At the highest level, restaurants have moved on exponentially from their origins as a place where you can sit and eat a meal, pay for it and be restored (the word restaurant means literally to ‘restore to a former state’). But such a simple, pure transaction is now beyond us; we expect and demand much more from eating food outside the home. It must entertain, excite, create memories and add to our bank of experiences that we can then relay on social media to give our lives meaning. We don't want to be restored, but changed. We want 'disruptaurants'.

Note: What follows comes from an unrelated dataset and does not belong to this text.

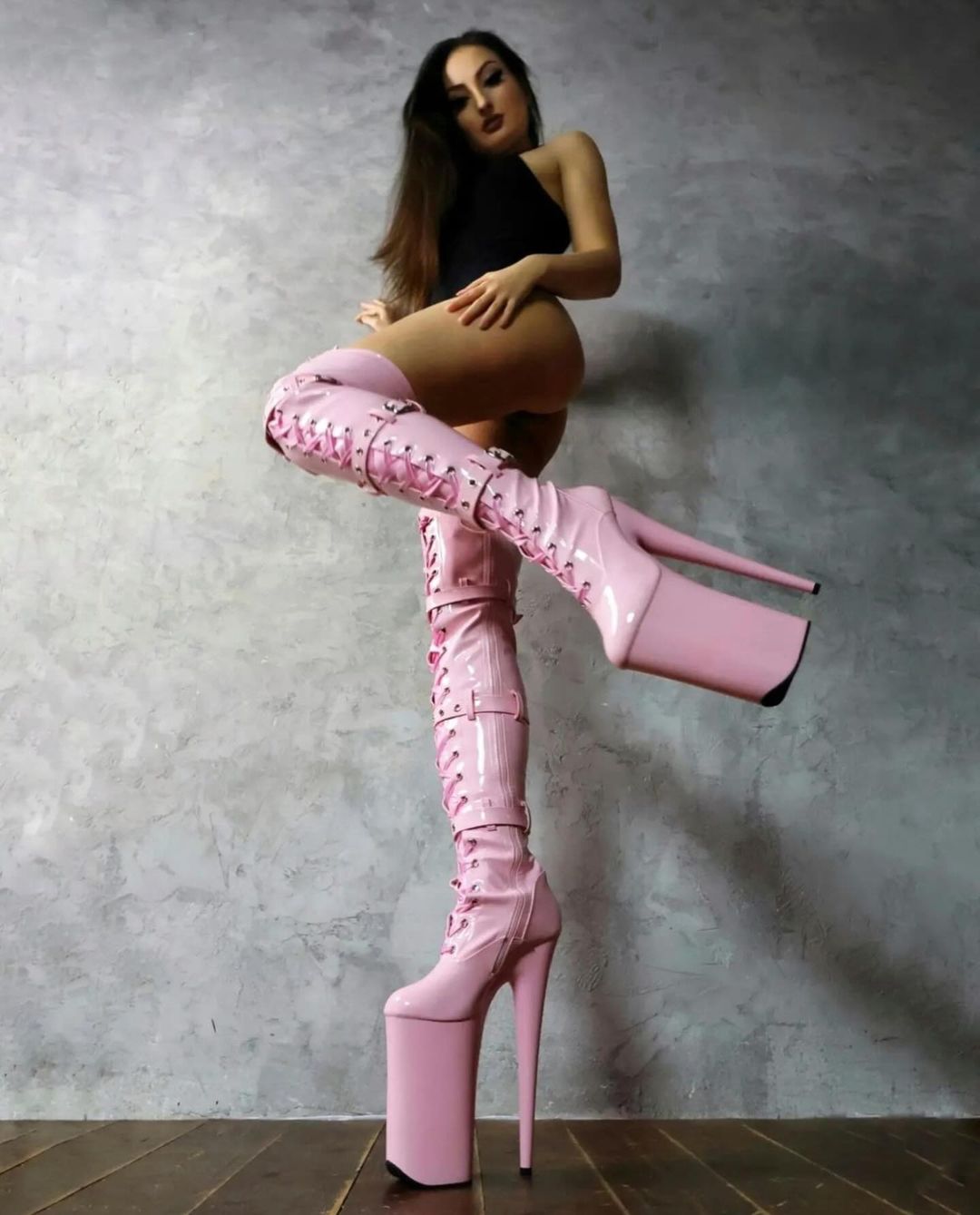Pleaser Stripper Boot Infinity-3028 Stretch Lace Up Thigh High Boot

Just as the followers of Jim Jones and Marshall Applewhite looked to their cult leaders to disrupt their ordinary lives with tall tales and the promise of adventure and new experiences, we now look to chefs to elevate us into the extraordinary so we can tweet and Instagram back to the earthbound masses about our expedition into the far reaches of the gastronomic galaxy. But exclusivity is all and Vespertine, today's news, will soon be tomorrow's fish and chip paper. As global interconnectivity gobbles up and spits out novelty as quickly as it can be created, what is left for the high end operator hoping to attract that most jaded of Johns, the fine dining enthusiast?
Jones and Applewhite proved that there's nothing more exclusive than death. As Christopher Hitchens once observed, ‘Monothetic, messianic religion, with a large part of itself quite clearly wants us all to die. It wants this world to come to an end. Those of us who have chosen rightly will be gathered to the arms of Jesus leaving all of the rest of you behind. If you don’t believe that there is to be an apocalypse, there is going to be an end, a separation of the sheep and the goats then you are not really a believer. We are the pure and chosen few and all the rest are damned, there’s room enough in hell for you'.
We won’t be satisfied until we find the disruptaurant that will change us forever. We will be finally happy when a cult leader/chef opens Heaven's Plate where we'll obediently drink the cyanide-flavoured Kool Aid and spoon up the our phenobarbital pudding and with our dying breath, type one last post on social media before we escape into eternity; 'Heaven's Plate is to die for'.